Most APPs applied for advancement for the financial compensation and because they already met the criteria for advancement with their current work and projects. In the first two years, among the most difficult parts of the process were submitting the final evidence electronically and writing SMART goal statements. Additionally, APPs found completing the plan/goals also to be difficult, which might reflect the high level of performance expected for plan completion. Some applicants reported getting conflicting feedback, often between their assigned mentor and the plan reviewers.

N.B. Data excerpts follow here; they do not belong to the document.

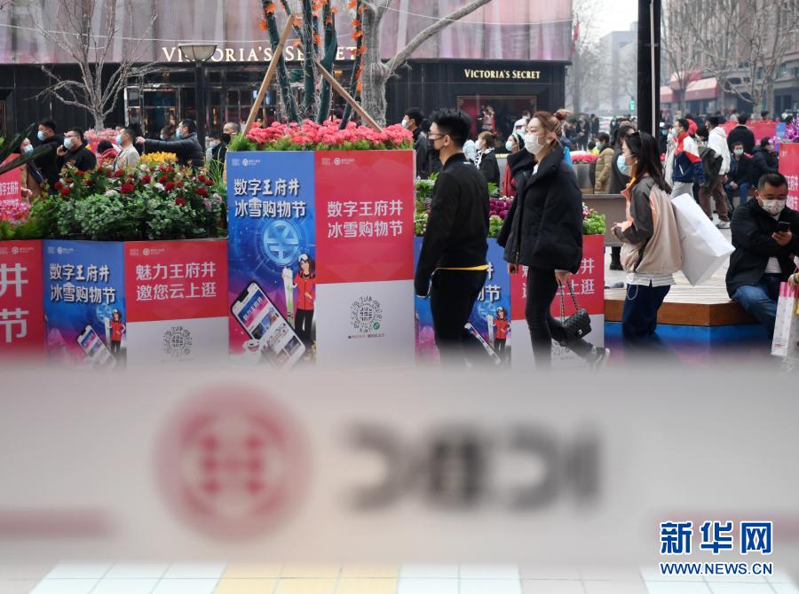 春节期间,“数字王府井 冰雪购物节”数字人民币红包试点活动在王府井大街进行(2月12日摄)。新华社记者 张晨霖 摄
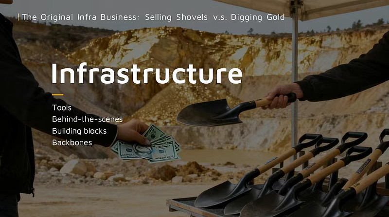 什么意思呢?打个比方,有些人喜欢去淘金,但有些人就只想卖铲子。卖铲子听起来是件很low的事,但是很多时候淘金这件事往往不容易看清楚。并且,因为淘金这件事看起来很光鲜,会有很多人去做,壁垒反而没那么高。而如果你把铲子卖好了,有可能是一个更好的商业。
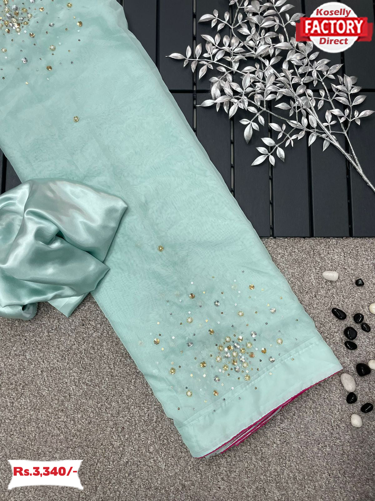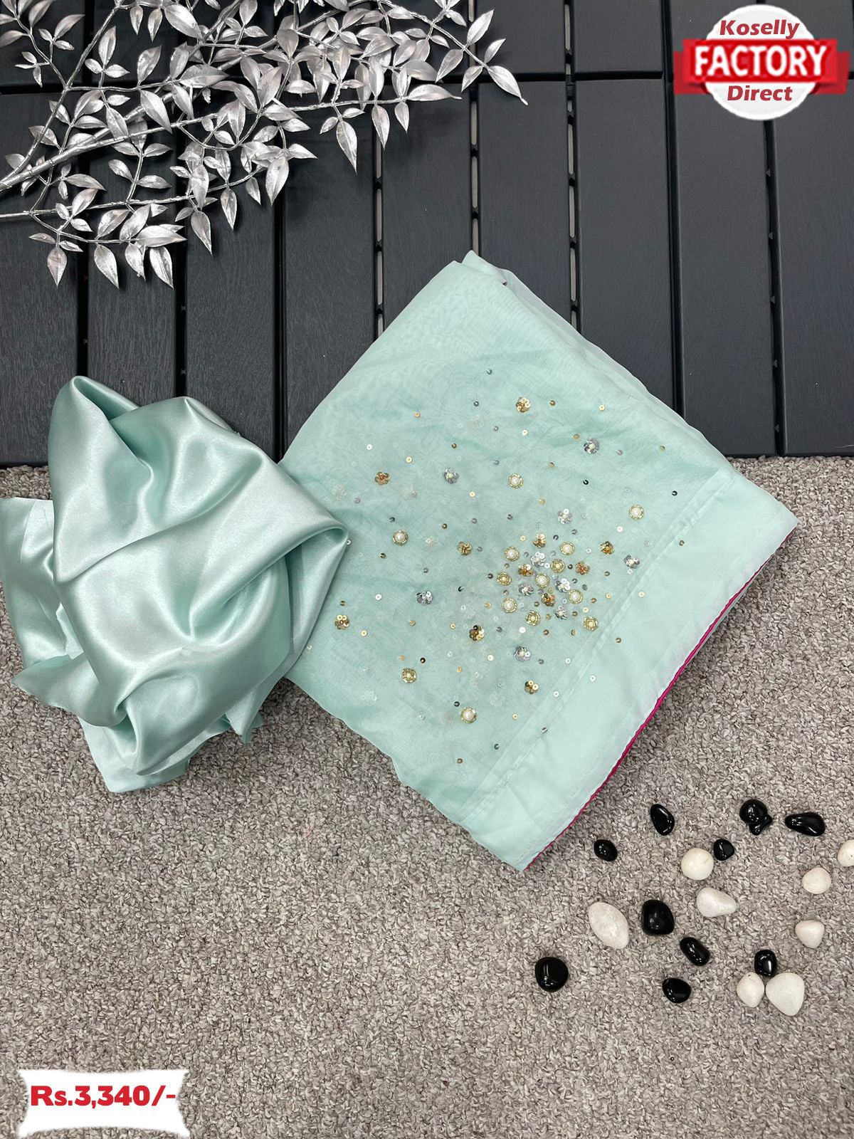 Pure Soft Organza Tabby Silk With Handcrafted Khatli Work with Satin Patta Border piping
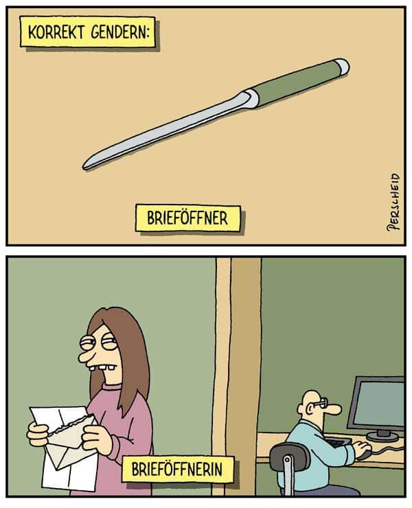 Da habe ich letzte Woche im TV gesehen, dass sich Frauen, die ihren Dienst in der Bundeswehr leisten, gewaltig über den neuen Gender-Mist beschwert haben. Sie wollen das nicht, sondern weiterhin so angesprochen werden wie immer.
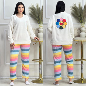 Qadınlar üçün şalvarlı ev kostyumu nm012, ağ, peluş, ölçü One size |
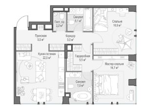 Просторная светлая квартира площадью 86,9 кв. м с окнами на южной и восточной сторонах. Панорамное остекление улучшает видовые характеристики квартиры. Продуманная планировка позволяет разместить две спальни. Мастер-спальня с отдельными гардеробной и санузлом, в котором предусмотрено окно.
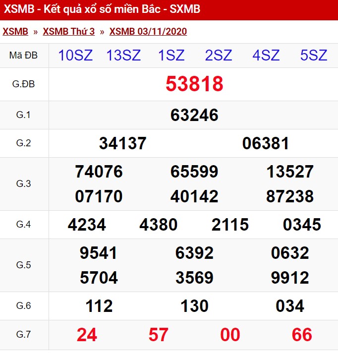 Kết quả Xố sổ Miền Bắc XSMB thứ 3 ngày 3/11 (Đang cập nhật).......
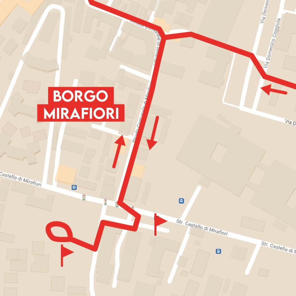 Tornate indietro seguendo la strada che avete fatto, rientrate nel borgo antico di Mirafiori fino all’incrocio con i sedili in cemento: a destra c’è la vietta da cui siete arrivati prima. Per concludere l’itinerario vi si prospettano due soluzioni.
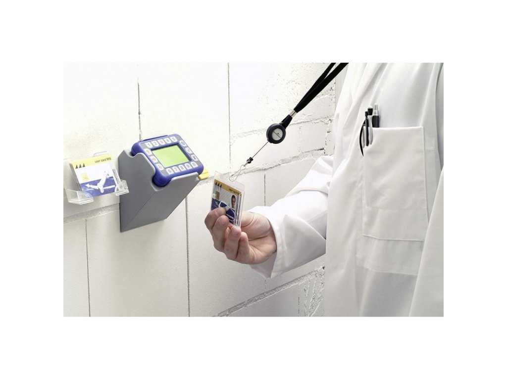 - Rolovací závěsný klip, délka roztažení 60 cm, na konci úchyt na vizitky nebo karty.
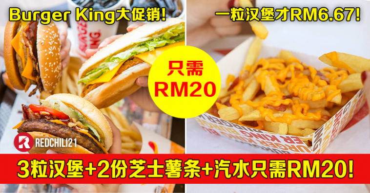 Burger King大促销!3粒汉堡+2份芝士薯条+汽水只需RM20!相等于一粒汉堡才RM6.67!
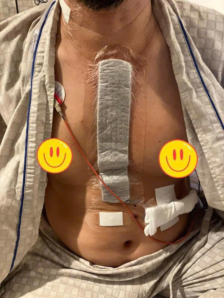 Do anh đã đặt stent và đang sử dụng thuốc chống đông, ca phẫu thuật phải lùi lại 10 ngày sau khi ngừng thuốc. Trong thời gian này, anh được nghỉ ngơi và chăm sóc trực tiếp tại bệnh viện, đồng thời làm thêm một số xét nghiệm phục vụ cho ca phẫu thuật sắp tới. Đến 12h35 ngày 28 tháng 10, anh được đưa vào phòng mổ với tâm trạng đầy lo lắng, vì đây là lần đầu tiên anh phải trải qua ca đại phẫu mở toàn bộ phần ức (như trong ảnh). Lý do là vị trí bắc cầu động mạch của anh nằm ở ba điểm khác nhau, khiến bác sĩ không thể tiến hành phẫu thuật xâm lấn tối thiểu.
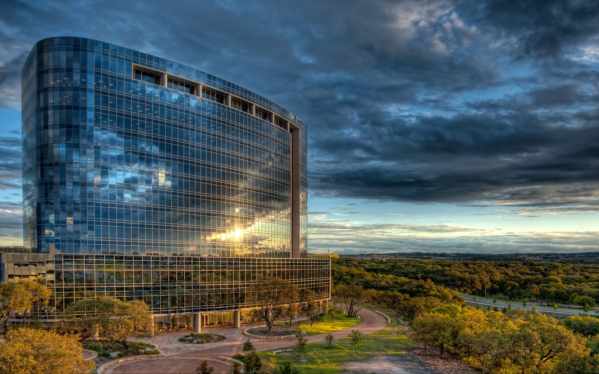 A glass skyscraper reflecting the sky
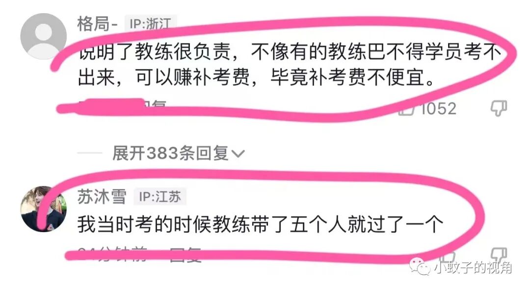 网友看了忍不住大笑,说:这说明了教练很负责,不像有的教练巴不得学员考不出来,可以赚补考费,毕竟补考费不便宜。
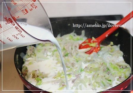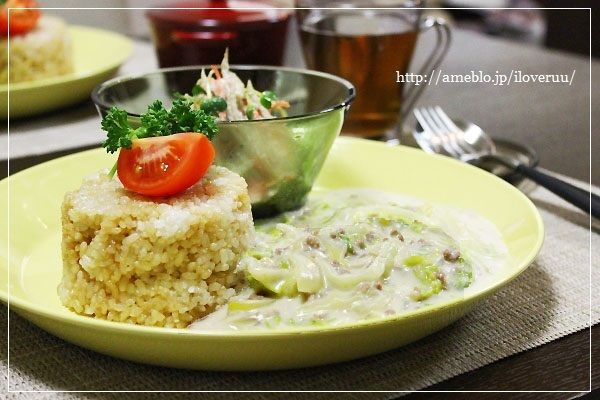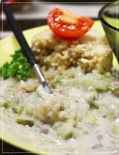 白菜と挽き肉のクリーム煮かけご飯
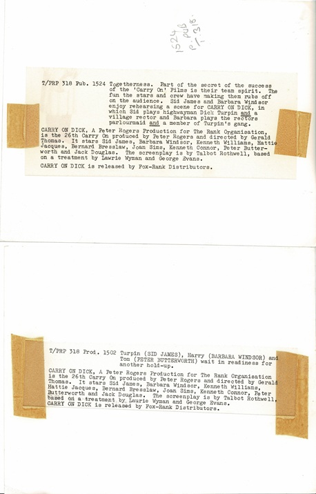 These two B&W Still’s are in wonderful condition. With the only points of note being the usual scattered light marks/scuffs (the worst ones to the right of Barbara in the black area) and the distributor has added the film details etc. to the rear of each, of which the old tape has turned brown.
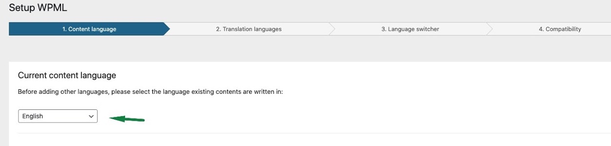 When you configure WPML for the first time, you need to choose the language of existing content. Select the language of your current website content in the Current Content Language section.
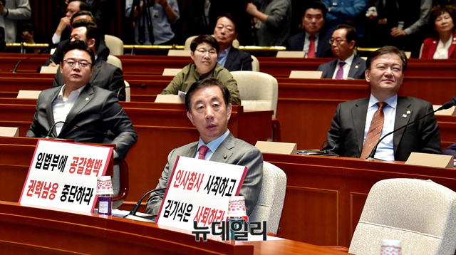 자유한국당 의원총회가 13일 오후 국회에서 열린 가운데 김성태 원내대표와 소속 의원들이 김기식 금융감독원장을 규탄하는 영상을 시청하고 있다.
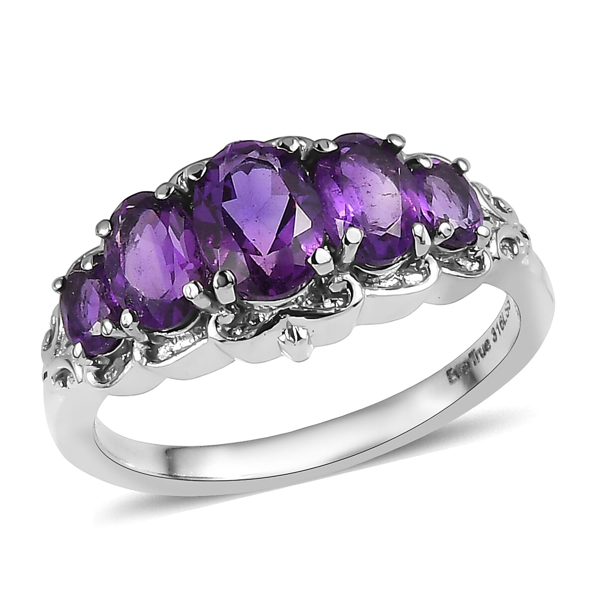 EverTrue African Amethyst 1.85 ctw 5 Stone Ring in Stainless Steel (Size 8.0)
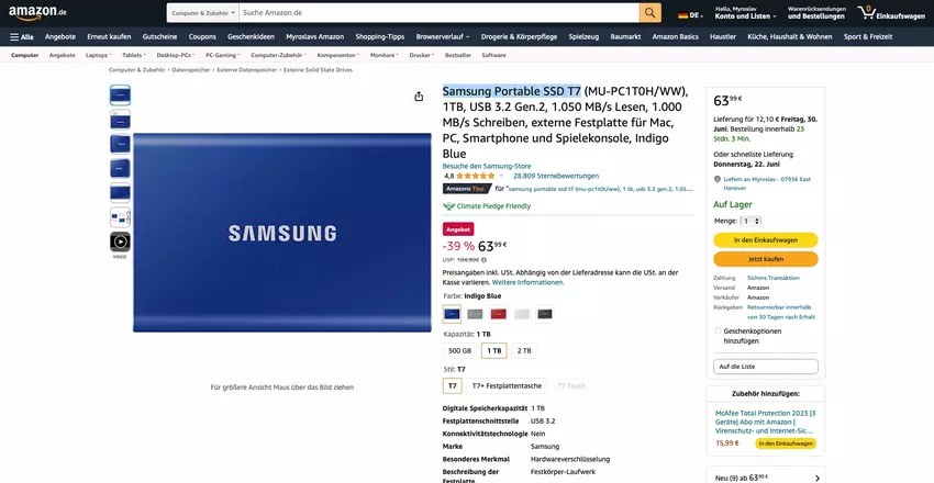 Wir sprechen über das Modell Samsung T7. Das 1TB-Gerät wird für 92,03 € 119,90 €, -23%.
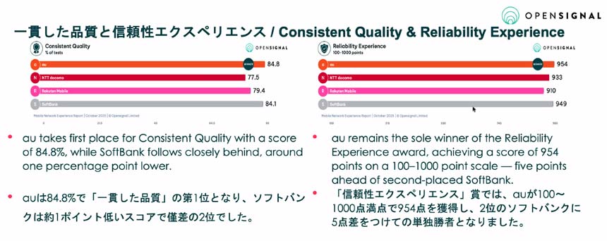 モバイルネットワークがアプリやサービス利用時に安定して十分な品質を維持できるかを評価する「一貫した品質と信頼性エクスペリエンス」では、3期連続でKDDIが首位に輝いた。
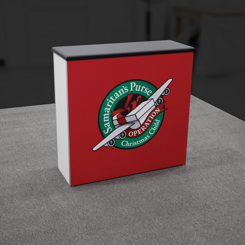 Modular Counter 03 is an perfect counter offering for any trade show exhibit display. This counter features accessible secure storage with locking doors and a white laminate cabinet. A front graphic panel offers an opportunity for branding. The solid countertop that comes in four color finish options. This Hybrid Pro Modular Counter 03 adds a functional, branded touch to any trade show exhibit or promotional event.
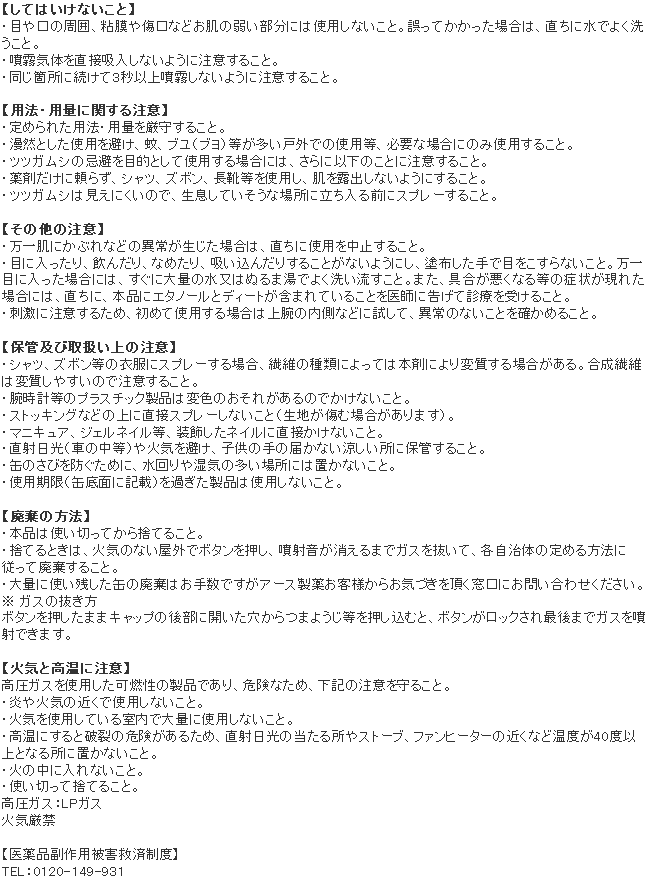 - ・適用害虫:蚊、ブユ(ブヨ)、アブ、ノミ、イエダニ、マダニ、サシバエ、トコジラミ(ナンキンムシ)、ツツガムシの忌避
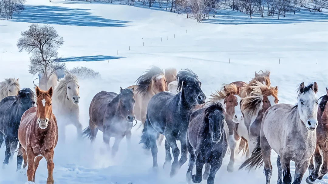 - 第一次见雪地奔马🐴!鬃毛上挂着冰晶的黑马从眼前掠过,蹄子踏碎积雪的声音超治愈🌨️,同行的小伙伴直接看呆🤯
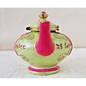 Libra tea pot Trinket jewelry Box "sept 23 - oct 23" balance pink green gold
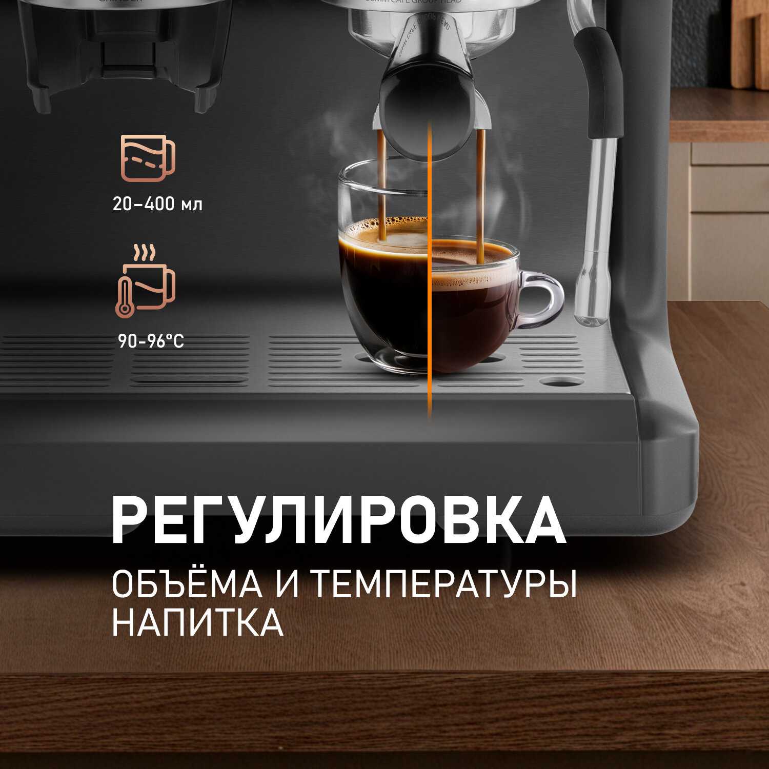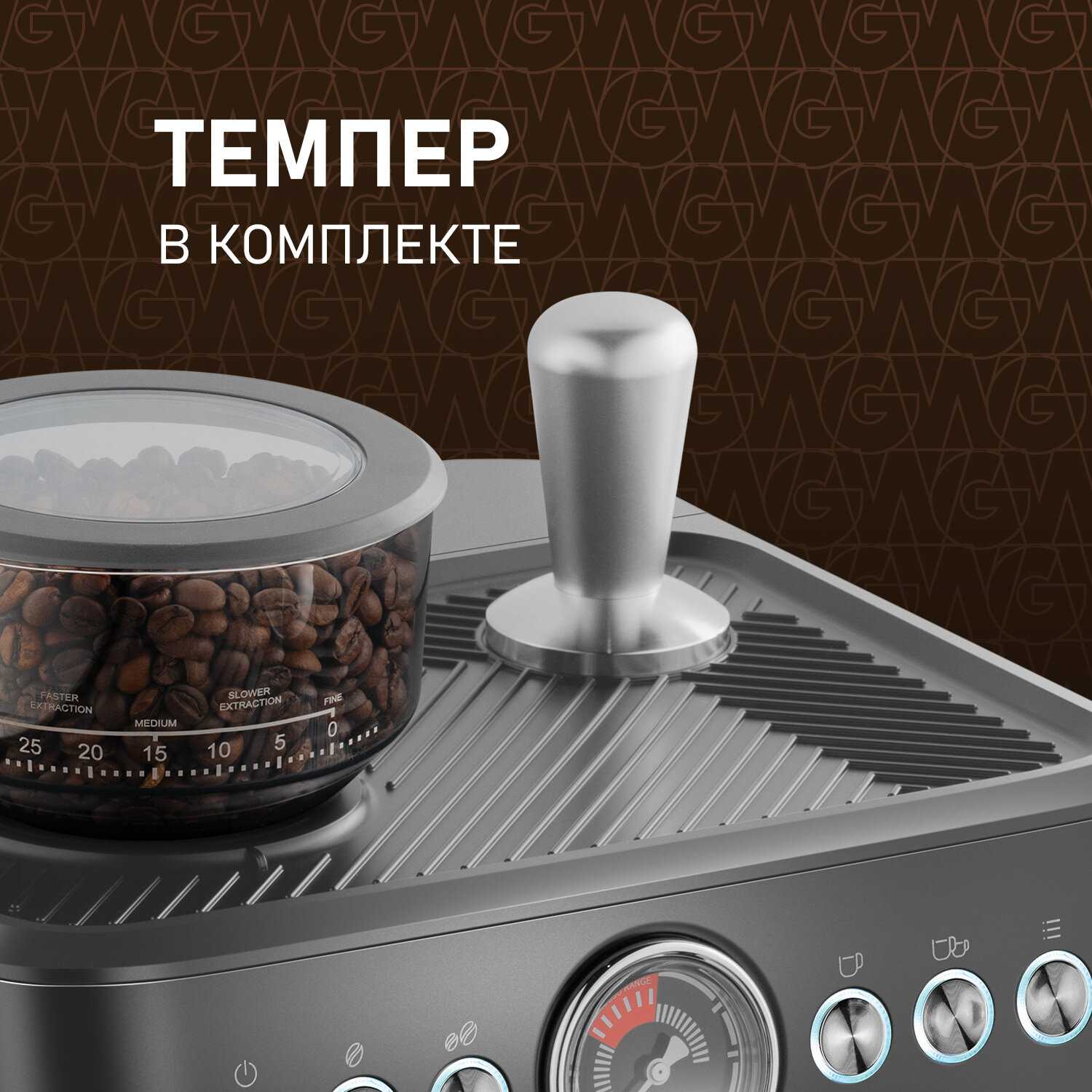 - + Возможность настраивать температуру, следить за давлением, выбирать помол.

Survey respondents offered several areas of constructive feedback. Some found the timing of the program difficult with the initial plan submission due date of December 31. Others found the process of evaluation subjective. The need for community service was also of concern with regards to the value of it as professional advancement and difficulty finding opportunities. Some did not agree with the compensation amount and felt the program activities had to be completed outside of regular work hours. However, despite this feedback, over half of APPs responded that they would apply again, and this percentage has increased each year to 67% at the end of year 3.

Outcomes of the PAM

Despite initial challenges with implementing the PAM, our organization has seen some immediate gains, such as increased APP visibility within the organization as well as externally. More APPs are presenting at APP Grand Rounds, they are publishing more in peer-reviewed journals, and presenting at conferences locally and nationally. For example, we saw a doubling in abstract submission to our regional APP conference from 20 in year one to 45 in year three of the PAM. Our APPs represent us locally, nationally, and internationally serving on committees, boards, and dissemination of their clinical and scholarly work. While the professional advancement program is likely not the sole contributor, there has been a decreasing turnover rate in APPs from 22% before implementation of the PAM to a current turnover rate of 5%. This decrease in turnover has had a significant positive financial impact for our institution, which supports the cost of the APP PAM.

Future Directions

We continue to survey PAM participants annually to evaluate and improve upon the program. When we saw a decline in the number of applicants after year three, we implemented several changes. Starting in year four, the Committee and APP leadership moved the maintenance process to align with the annual professional review process, created a goal/plan worksheet to improve submission quality, and revised standardized scoring system to make the process more objective. This increased the APP success rate from 47% in year 1 to 69% in year 4. We plan to replicate the 2013 survey to examine APP job satisfaction and intent to stay.20 These survey findings will be used to evaluate the PAM program and aspects of the APP workforce at our institution.

Conclusion

Implementing a PAM for APPs recognizes their multi-faceted contributions to professional practice, rewards expertise and adds value to the organization. Improved APP job satisfaction and retention has the ability to positively impact the quality and safety of patient care. Proficient and Expert APPs contribute to successful hospital Magnet and Beacon accreditations - both indications of high-quality patient care. As healthcare systems increasingly rely on APPs to deliver high-quality care, they should consider the mechanisms that support them to advance, such as PAMs, as a means for improved patient and APP workforce outcomes.

Highlights.

  • Traditionally, advanced practice providers (APPs) have been recognized and rewarded based solely on patient care activities

  • Professional advancement models provide a formal way to elevate the role of APPs and reward professional development

  • In implementing professional advancement models, organizations have the opportunity to improve APP job satisfaction and decrease turnover

Funding source:

This research was supported by the National Institute of Nursing Research (T32-NR0714, L. Aiken, Principal Investigator).